RCTD deconvolution and spatial ligand-receptor analysis. (A) Deconvolution analysis was performed on 12 spatial transcriptomic samples to determine the predominant cell type in each spot. (B) The scatter plot shows the most differentially expressed marker genes in each cell type. (C) A network of cellular interactions between nine types of cells, with the edge width indicating the probability and intensity of communication between cells. (D) A comparison of the total number of interactions in the communication network between nine cell species, decreasing from left to right, with the strongest being macrophages. (E) Volcano map of differentially expressed genes, with red indicating up-regulated differential genes and blue indicating down-regulated differential genes. (F) GO pathway enrichment analysis of the differential genes.

MR analysis

To further identify the key genes affecting kidney cancer development from the set of differential genes, we obtained outcome identifiers through summary statistics from 346,472 kidney cancer-related samples (Controls: 345,118; Cases: 1354): finngen_R11_C3_KIDNEY_CLEAR_CELL_ CARCINOMA_EXALLC. Through MR analysis, we identified a causal relationship involving six pairs of differential genes associated with eQTL positive outcomes (Figure 4(A)–(F), IVW P-value < 0.05). The corresponding genes are: C4A, CD70, FXYD2, SERPINA1, SERPINE1, and TUBB6. Among these, CD70 (0.554; 0.352–0.872; P = 0.011), FXYD2 (0.604; 0.422–0.864; P = 0.006), SERPINE1 (0.598; 0.365–0.981; P = 0.042), and TUBB6 (0.851; 0.737–0.984; P = 0.029) are associated with a decreased risk of disease, while C4A (1.265; 1.002–1.598; P = 0.048) and SERPINA1 (1.205; 1.025–1.417; P = 0.024) are linked to an increased risk of disease. To ensure the reliability of these causal relationships, we conducted sensitivity analyses on the six pairs of genes. The results indicated that the overall error bars exhibited minimal change when excluding any single SNP, demonstrating the robustness of the six identified causal relationships (Supplemental Figure S3A–F). Consequently, C4A, CD70, FXYD2, SERPINA1, SERPINE1, and TUBB6 have been established as key genes for our subsequent research (Supplemental Table 2).

Figure 4.

Mendelian randomization analysis. (A–F) Scatter plot of MR analysis of key genes, different colors indicate different statistical methods, and the slope of the lines respectively indicate the causal effect of each method.

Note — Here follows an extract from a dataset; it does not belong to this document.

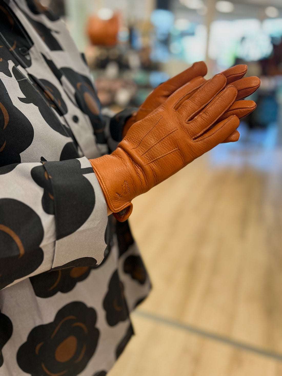 Naisten hanskat konjakinruskeat peurannahkaa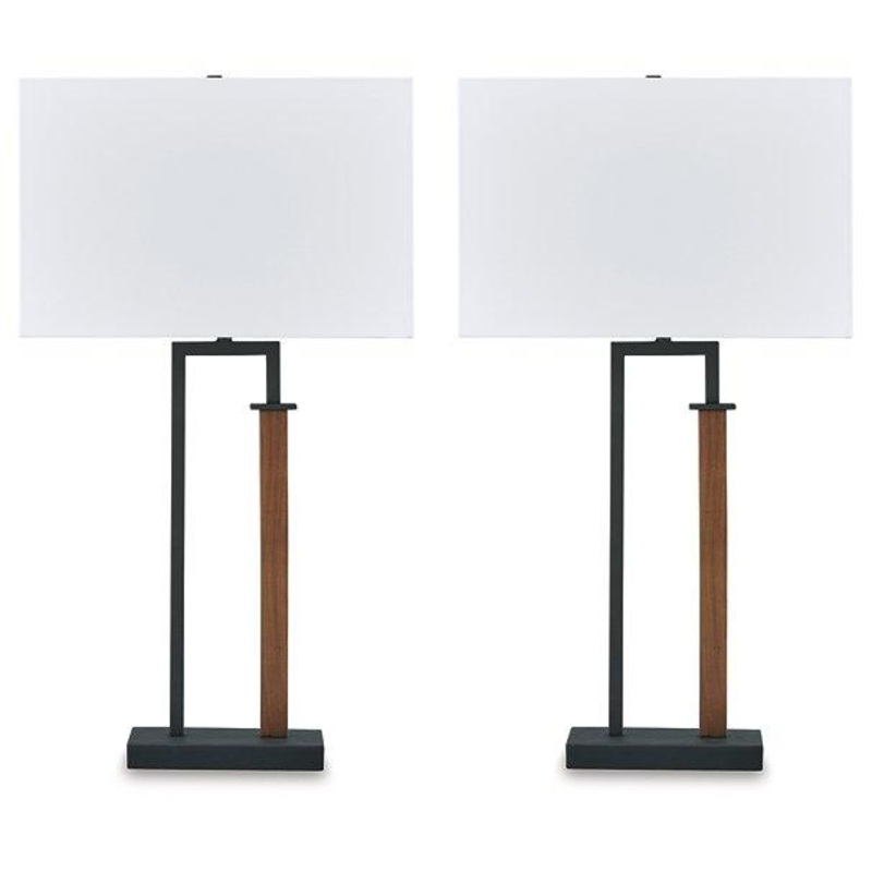 Illuminate your style with this table lamp. Its sleek geometric design, finished in black and brown, adds a designer touch to your abode. The contrasting white shade diffuses light for a soft artistic ambiance. More About This Product Product DetailsMade o

Immune infiltration analysis

The microenvironment is primarily composed of fibroblasts, immune cells, extracellular matrix components, various growth factors and inflammatory mediators. We illustrated the distribution of immune infiltration levels and the correlations among immune cell types in different contexts (Figure 5(A) and (B)). In our analyses, we observed that the levels of M1 macrophages, CD8T cells, follicular helper T cells, resting NK cells, and activated memory CD4T cells were significantly elevated in the disease group compared to the control group. Conversely, levels of naive B cells, activated NK cells, and plasma cells were significantly decreased (Figure 5(C)). Further investigation into the relationships between key genes and immune cells revealed that C4A exhibited a significant positive correlation with activated memory CD4T cells, while demonstrating a significant negative correlation with activated NK cells and plasma cells (Figure 5(D)). CD70 showed a significant positive correlation with activated memory CD4T cells and resting NK cells, along with a notable negative correlation with naive B cells and activated NK cells (Figure 5(E)). FXYD2 was found to have a significant positive correlation with naive B cells and activated NK cells, while exhibiting a significant negative correlation with activated memory CD4T cells and CD8T cells (Figure 5(F)). SERPINA1 showed strong positive correlations with activated memory CD4T cells and follicular helper T cells, but significant negative correlations with naive B cells and activated NK cells (Figure 5(G)). SERPINE1 exhibited a significant positive correlation with activated memory CD4T cells and a significant negative correlation with resting mast cells (Figure 5(H)). TUBB6 was notably positively correlated with resting NK cells and activated memory CD4T cells, while being significantly negatively correlated with naive B cells and activated NK cells (Figure 5(I)). Additionally, we analyzed the correlations between key genes and various immune factors, including immunosuppressive and immunostimulatory factors, chemokines, and receptors (Supplemental Figure S4A–E, Supplemental Table 3). These analyses underscore that key genes are closely associated with immune cell infiltration levels and play a critical role in shaping the immune microenvironment.

Figure 5.

Analysis of immune infiltration. (A) The vertical stack bar chart shows the proportions of different immune cells in the disease group and control group samples. (B) The heatmap displays Pearson correlations between immune cells, negative in blue and positive in red. (C) The box plot shows differences in immune cell content between control and tumor samples. (D–I) The dumbbell charts show a correlation between key gene immunity and epidemic cells.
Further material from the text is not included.